• _The task_
Print the material below exactly as it stands, please, from its first line to the line holding "A comprehensive 5-lesson", with no pictures.
# # #
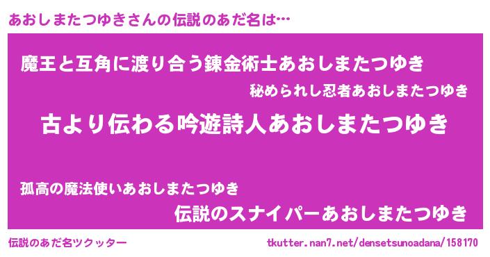 | 男性向けラノベタイトル風あだ名 | 『転生したらあおしまたつゆきだった件』 |
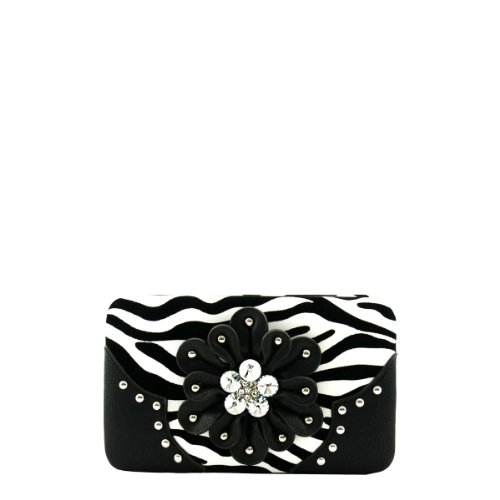 -. Title : FLOWER RHINESTONE ZEBRA P.R.INTED WALLET - BLACK
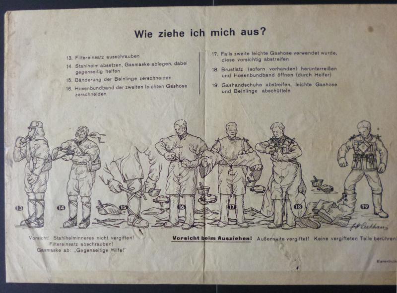 Very scarce four-sided A4 leaflet entitled "Anleitung für das Anlegen der leichten Gasbekleidung 39" (Instructions for donning the light gas-suit 39). The paper is a bit grubby and has certainly been used with a few minor edge nicks but is complete and overall in good condition.
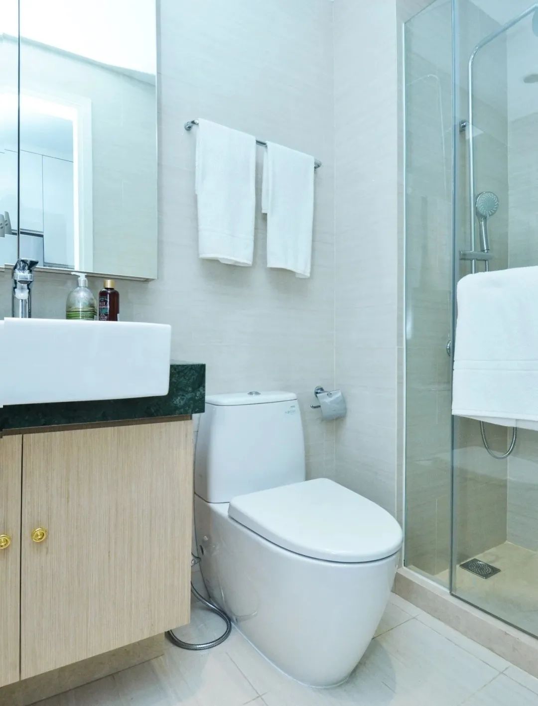 裝修時,強烈建議用玻璃、薄墻、隔水窗簾等隔開淋浴的區域,做干濕分離。
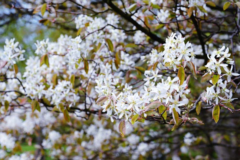 Serviceberry trees produce sweet, edible berries that birds and humans alike enjoy.
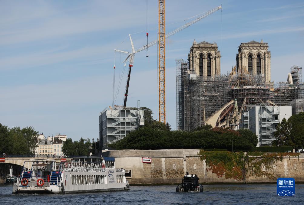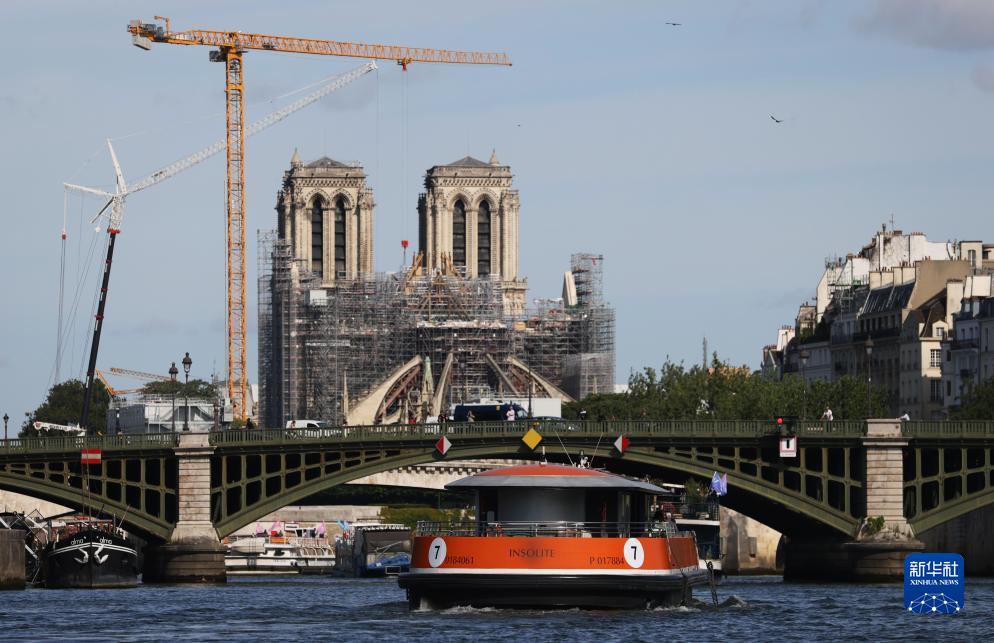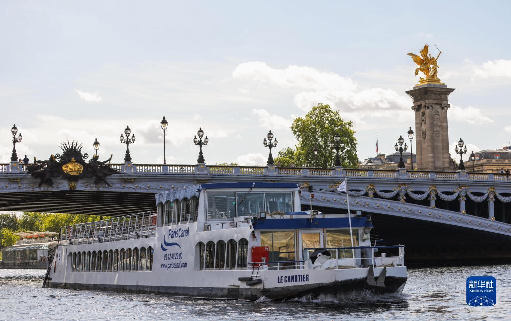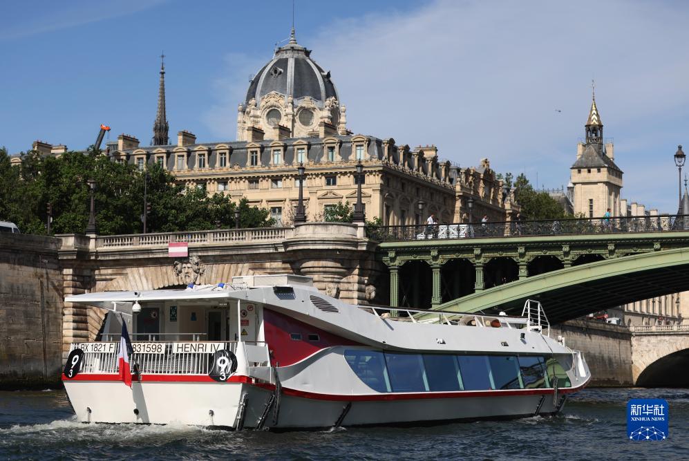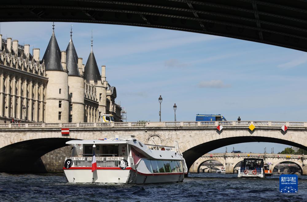 7月17日,法国体育部长卡斯特拉(右)与巴黎奥组委主席埃斯坦盖在岸边观看彩排。新华社记者高静摄
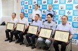 県警と自動車安全運転センターによる連名表彰。事故や違反の記録をまとめた運転記録証明書を申請した事業所で、過去1年間の人身事故や交通違反率の低さなどに応じて表彰される。7月上旬に伝達式があり、湊克彦署長が賞状を手渡した。
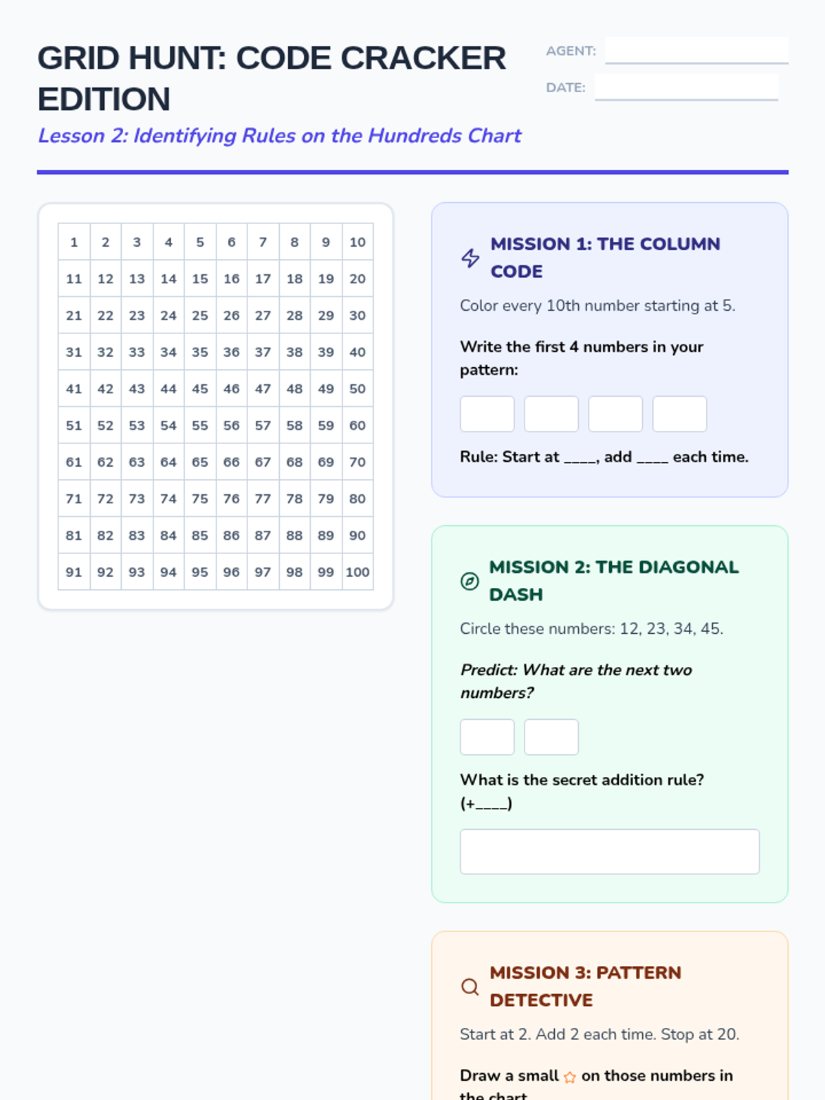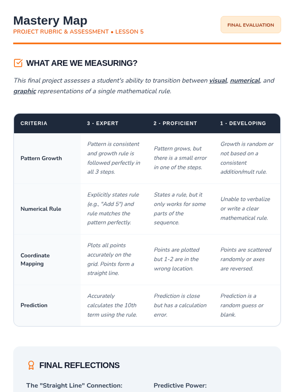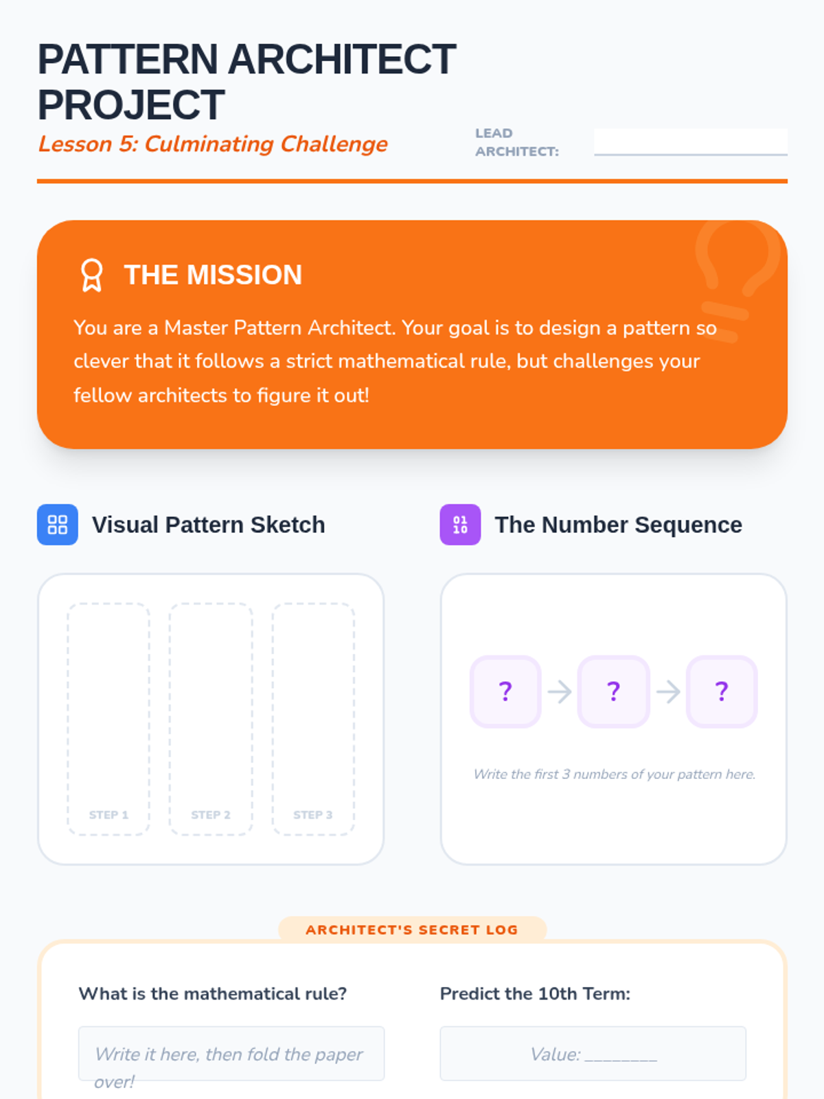 A comprehensive 5-lesson sequence for 3rd graders focused on identifying, extending, and creating growing patterns. Students transition from concrete geometric shapes to numerical sequences and coordinate mapping, building a foundational understanding of algebraic rules and functions.
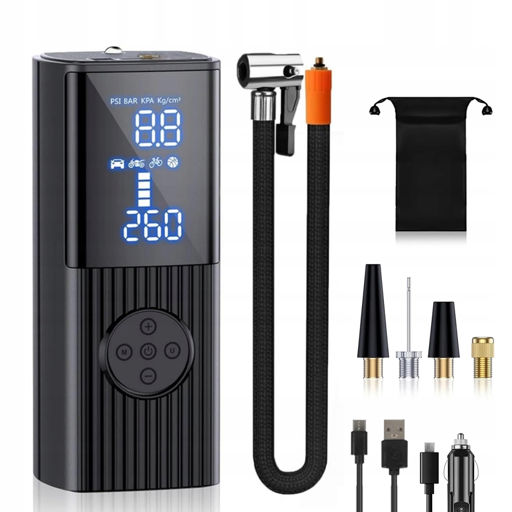 - Электрический воздушный насос имеет встроенную батарею с очень большой емкостью 6000 мАч и оснащен интерфейсом типа C и шнуром питания для интерфейса автомобиля. Зарядка легкая и быстрая. Это самый маленький интеллектуальный воздушный насос, который вы можете получить наилучшим образом. Размеры составляют только 17 x 7 x 5 см. Накачание.
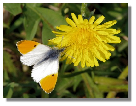 The male Orange Tips usually hatch out before the females. Since these butterflies will only live for a few weeks on the wing, they really have to get a move on to mate to make sure the eggs for the next generation are laid in a suitable spot for the larva to hatch and feed before starting the cycle over again next spring.
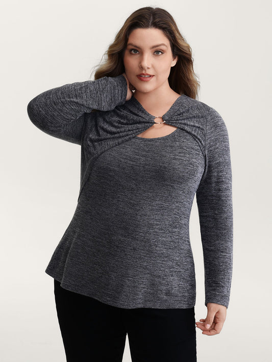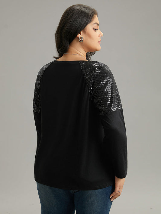 U Neck Chiffon Patchwork Bishop Sleeve T-shirt
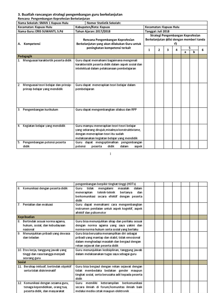 Rencana pengembangan keprofesian berkelanjutan yang akan dilakukan guru untuk peningkatan kompetensi terkait. Contoh rancangan strategi pengembangan guru berkelanjutan tambah komentar bab 1.
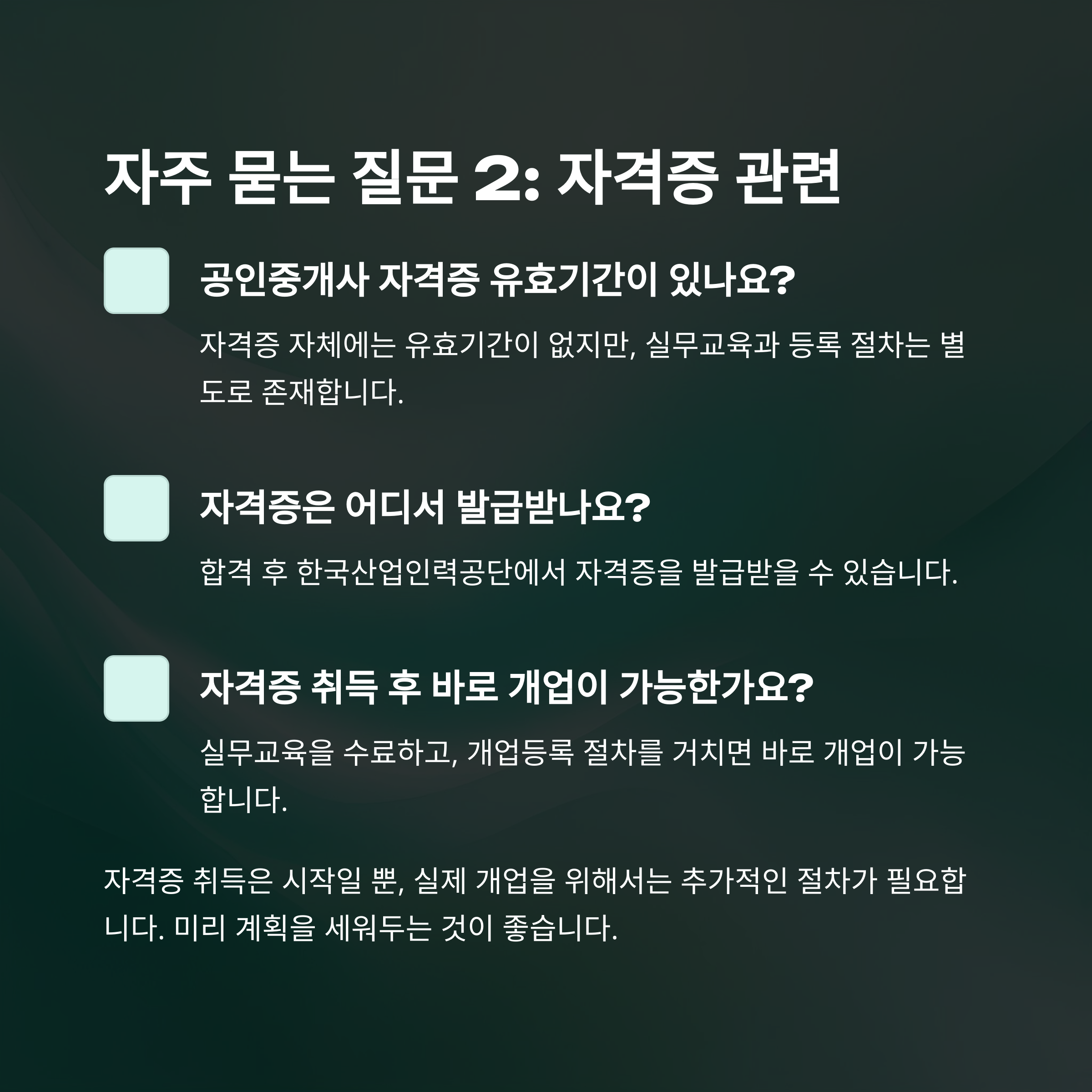 공인중개사 자격증 자체에는 유효기간이 없지만, 실무교육과 등록 절차는 별도로 존재합니다.
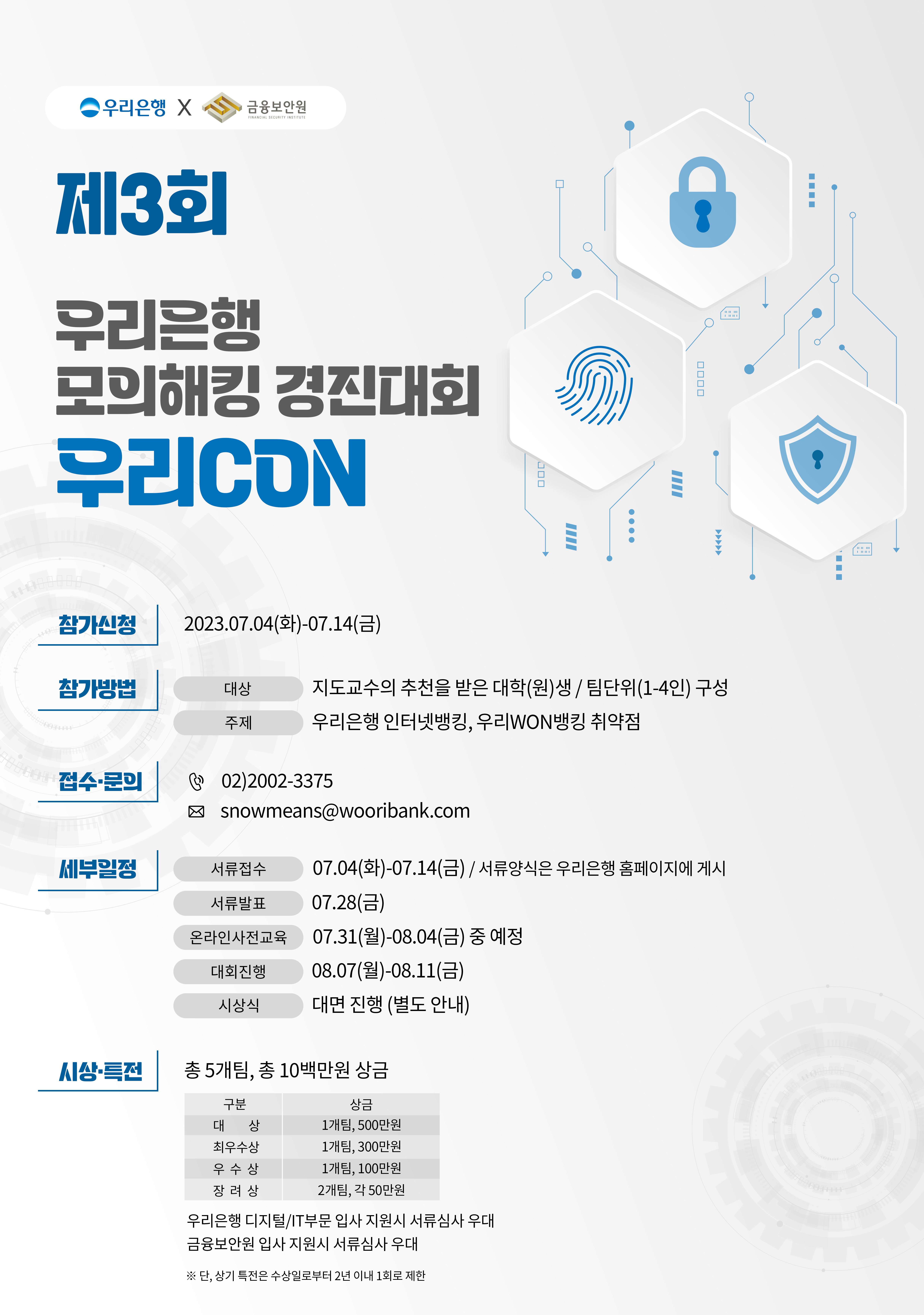○ 대회명 : 우리은행 + 금융보안원 모의해킹 경진대회 WooriCON
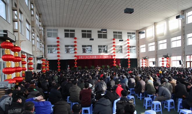 2月16日農(nóng)歷初七,是春節(jié)后第一個(gè)工作日,公司1500名員工(不包括在崗員工)歡聚一堂,在網(wǎng)球場召開每年一度的全體職工大會(huì)。
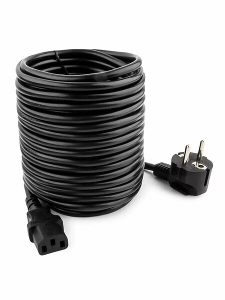 Кабель питания Cablexpert PC-186-VDE-10M, Schuko-C13, VDE, 3х0.75мм2, 10А, с заземлением, 10м, черный, пакет. Номинальное напряжение: 220 B. Сечение кабеля: 3х0.75 мм².
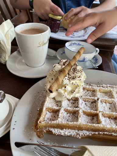 Read moreDieses Café ist einfach liebenswert. Eine tolle Auswahl an leckeren Speisen. Ein Wohlfühl-Ambiente: es ging für jedes Bedürfnis den richtigen Sitzplatz. :) Eine tolle verführerische Kuchentheke!!! Die Waffeln sind fantastisch! Das Personal einfach liebenswert, zuvorkommend und sehr kompetent. Kinderfreundlich, trotz zahlreicher Deko! Die einzigen Verbesserungsvorschläge: Das Eis schmeckt mir persönlich nicht. Ich finde es schmeckt sehr künstlich. Was nicht bedeutet dass es das ist. Es gibt hier Kaffee aus dem Automaten, das ist allerdings verständlich. Da eine Siebträgermaschine viel mehr Zeitaufwand bedeutet und das bei voller Besucherzahl nicht machbar wäre, vermutlich. Ein fachmännischer Kaffee würde den handwerklichen schmackhaften Gebäcken jedoch sehr schmeicheln. ABER: Der Tee und die heisse Schokolade sind Top. Muss eben auch nicht immer Kaffee sein. Wenn ich diesbezüglich einen Wunsch frei hätte würde ich den Lindt-Kakao gegen z.B. BlömBoom oder eine vergleichbare heiße Schokolade tauschen die mehr gegen Kinderarbeit und Co. unternimmt. Lindt hat seine besten Zeiten hinter sich und hat sich nicht weiter entwickelt. Die heisse Schokolade schmeckt dennoch sehr gut.
# # #
• _Worked solution_
 | 男性向けラノベタイトル風あだ名 | 『転生したらあおしまたつゆきだった件』 |
 -. Title : FLOWER RHINESTONE ZEBRA P.R.INTED WALLET - BLACK
 Very scarce four-sided A4 leaflet entitled "Anleitung für das Anlegen der leichten Gasbekleidung 39" (Instructions for donning the light gas-suit 39). The paper is a bit grubby and has certainly been used with a few minor edge nicks but is complete and overall in good condition.
 裝修時,強烈建議用玻璃、薄墻、隔水窗簾等隔開淋浴的區域,做干濕分離。
 Serviceberry trees produce sweet, edible berries that birds and humans alike enjoy.
 7月17日,法国体育部长卡斯特拉(右)与巴黎奥组委主席埃斯坦盖在岸边观看彩排。新华社记者高静摄
 県警と自動車安全運転センターによる連名表彰。事故や違反の記録をまとめた運転記録証明書を申請した事業所で、過去1年間の人身事故や交通違反率の低さなどに応じて表彰される。7月上旬に伝達式があり、湊克彦署長が賞状を手渡した。
 A comprehensive 5-lesson sequence for 3rd graders focused on identifying, extending, and creating growing patterns. Students transition from concrete geometric shapes to numerical sequences and coordinate mapping, building a foundational understanding of algebraic rules and functions.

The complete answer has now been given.